Konuşmasının önemli bir bölümünü İsrail’in Gazze’ye saldırısına ayıran Erbakan, Babası Merhum Necmettin Erbakan için de geniş bir parantez açtı.
Ve O’nu referans göstererek, bir anlamda, babasının siyasi mirası üzerinden kendi siyasetini anlatmaya çalıştı.
Elbette Necmettin Erbakan’ın oğlu olmak, O’nun siyasi mirasına sahiplenmek için yeterli değil.
Hele de Merhum Erbakan’a karşı bir hareket başlatıp, sonrasında da “Milli Görüş gömleğini çıkardık” diyerek, açık bir şekilde Merhum Erbakan’ı reddedenlerle yol yürürken, Necmettin Erbakan’ın mirasını sahiplenmek ne kadar doğru bir yaklaşım olabilir ki?
Örneğin Merhum Erbakan, tüm itirazlara rağmen, “Siyonist rejimi korumak için” Malatya’ya radar üssü kurulmasına izin verenlerle yan yana gelir miydi?
Örneğin Merhum Erbakan, BOP’un eş başkanı olmaya talip olanlarla bırakın ortak olmayı, selam verir miydi?

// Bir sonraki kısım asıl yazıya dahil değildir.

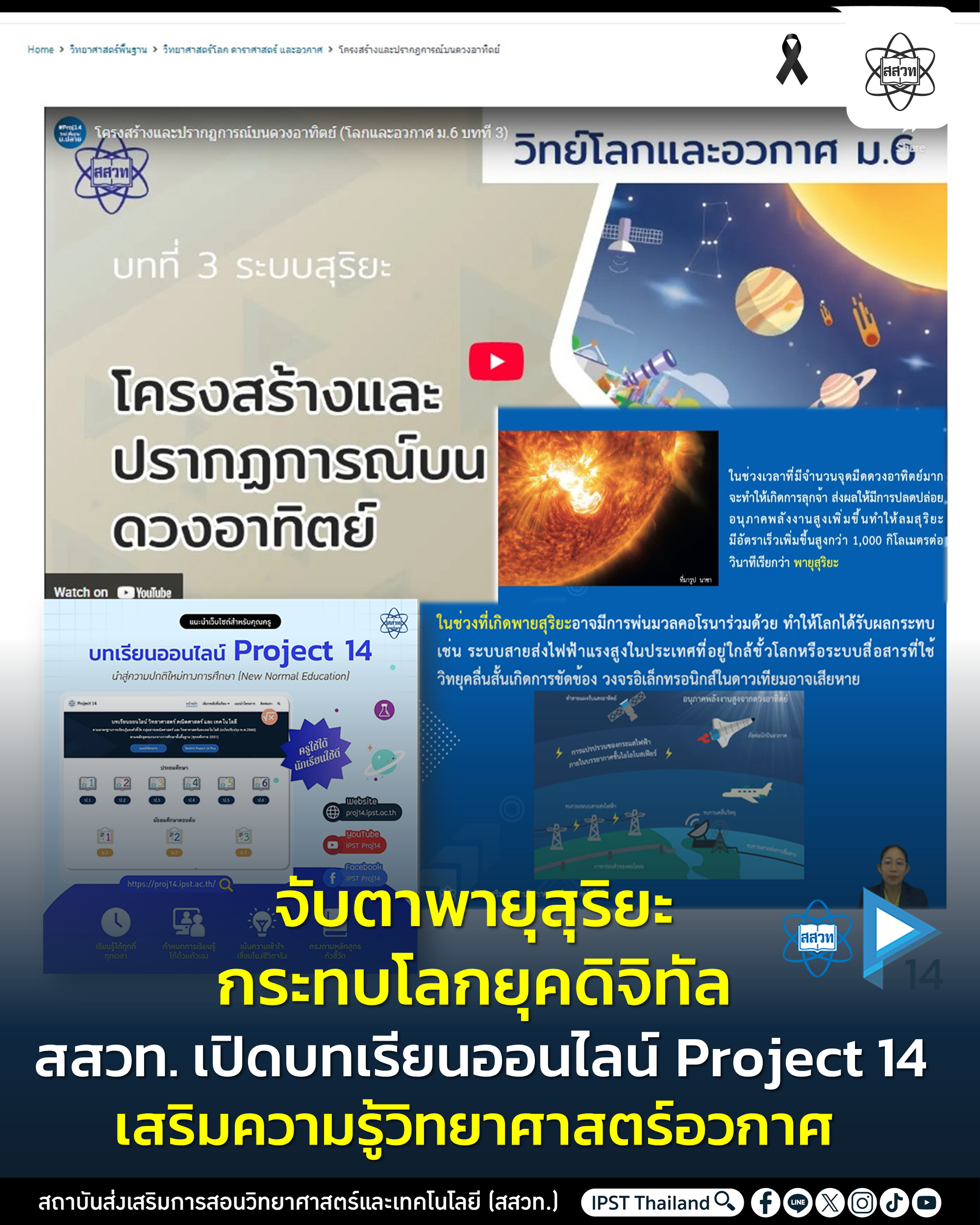 ท่ามกลางความสนใจของนานาชาติต่อปรากฏการณ์ พายุสุริยะ (Solar Storm) และ ลมสุริยะ (Solar Wind) ที่ส่งผลกระทบต่อเทคโนโลยีและระบบสื่อสารของโลกในปัจจุบัน สถาบันส่งเสริมการสอนวิทยาศาสตร์และเทคโนโลยี (สสวท.) ขอเชิญชวนครู นักเรียน และประชาชนทั่วไป เปิดโลกการเรียนรู้ปรากฏการณ์ทางฟิสิกส์จากดวงอาทิตย์ เพื่อทำความเข้าใจกลไกการเกิดพายุสุริยะ บทบาทของแรงแม่เหล็ก และการทำงานของสนามแม่เหล็กโลกที่เปรียบเสมือนเกราะป้องกันโลกจากอนุภาคมีประจุพลังงานสูง ผ่านบทเรียนออนไลน์ Project 14 สื่อการเรียนรู้ที่อธิบายอย่างเป็นระบบ เข้าใจง่าย เชื่อมโยงหลักการฟิสิกส์กับสถานการณ์จริง ช่วยเสริมสร้างทักษะการรู้เท่าทันวิทยาศาสตร์ และเตรียมความพร้อมรับมือผลกระทบจากปรากฏการณ์อวกาศในยุคดิจิทัล ผู้สนใจสามารถเรียนรู้เพิ่มเติมได้จาก หนังสือเรียนรายวิชาพื้นฐานวิทยาศาสตร์และเทคโนโลยี วิทยาศาสตร์โลกและอวกาศ ม.6 และวิดีทัศน์บทเรียนออนไลน์ ทางเว็บไซต์ Project 14 ได้ฟรีทุกที่ ทุกเวลา คลิกได้ที่ https://proj14.ipst.ac.th/m4-6-sci-basic/earth-science/earth-m6-008/

Örneğin Merhum Erbakan, ABD’nin Suriye’deki çıkarları için Türkiye’yi bir bilinmeze sürükleyenlerle yol yürür müydü?
Hiç sanmıyorum.
Bu sadece benim yorumum da değil, Merhum Erbakan’ın, bugün hala sosyal medyada sık sık gündeme gelen açıklamaları, bunun en somut kanıtıdır.
Hal böyleyken Fatih Erbakan’ın babasının siyasi mirasını kullanmaya kalkması beyhude bir çaba gibi görünüyor.

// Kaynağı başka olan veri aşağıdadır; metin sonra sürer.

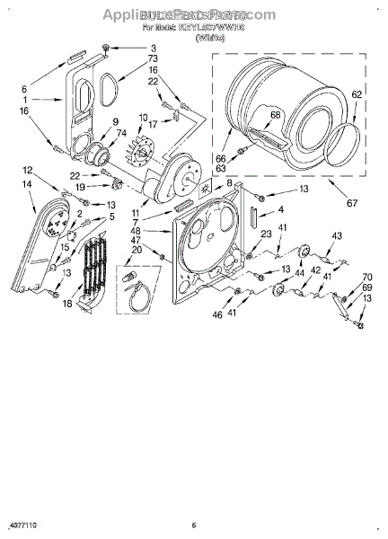 This is a drum assembly intended for use with dryers. This part can be found inside the dryer and is responsible for holding clothing while a cycle is running. It holds wet laundry while loading the appliance. Over time and with use, the drum assembly can start to wear out. This can cause the dryer to squeal, start and stop during a cycle, make buzzing noises, or seize up.If the drum assembly is damaged, it will need to be replaced. Make sure to have basic tools and a pair of work gloves ready. The dryer should be turned off and unplugged from the wall. Raise the top panel, remove the front panel, and then remove the drum. The drum support roller should be taken out and installed on the new drum. Reinstall with the new component and reassemble all parts before use.The drum assembly is made to be used with dryers and washer/dryer combos from Inglis, Estate, Admiral, Crosley, Roper, Magic Chef, Amana, KitchenAid, Maytag, Kenmore, and Whirlpool. It is a genuine OEM replacement part that is sourced directly from the manufacturer. The part is sold on an individual basis.

Hele de ortada Saadet Partisi gerçeği dururken…
Bir kişinin soy ismini taşımanın, O’nun siyasi mirasına sahip çıkmak için yeterli olmadığını birçok örnekte de gördük.

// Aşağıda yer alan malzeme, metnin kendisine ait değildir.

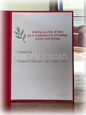 To decorate the inside of the card I stamped another greeting from the Sweet Candy Cane stamp set onto Basic White card using Real Red ink. I also stamped the small leaf image from the same stamp set beside the greeting using Shaded Spruce ink.
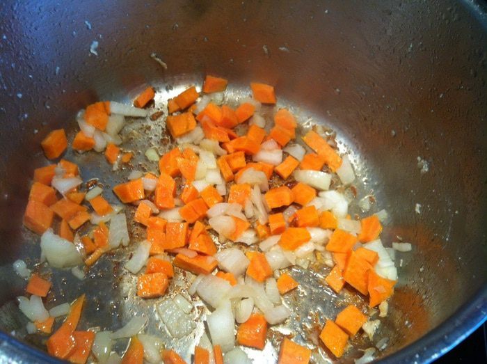 При необходимости добавьте еще 1 ст л масла, добавьте лук и морковь и пассеруйте 2-4 минуты.

Ahmet Özal bunu denedi ama başarılı olmadı.
Tuğrul Türkeş, önce parti kurdu olmadı, sonra MHP’ye katıldı olmadı en sonunda AK Parti’de tutundu.
Aydın Menderes, Demokrat Parti’nin devamı olarak görülen Doğru Yol Partisi’nde genel başkanlığa adaylığını koydu ama aday bile olamadı.
Velhasıl, babanızdan size çok şey miras kalabilir ama siyasi mirası belirleyen şey soy isim değil, durduğunuz yerdir.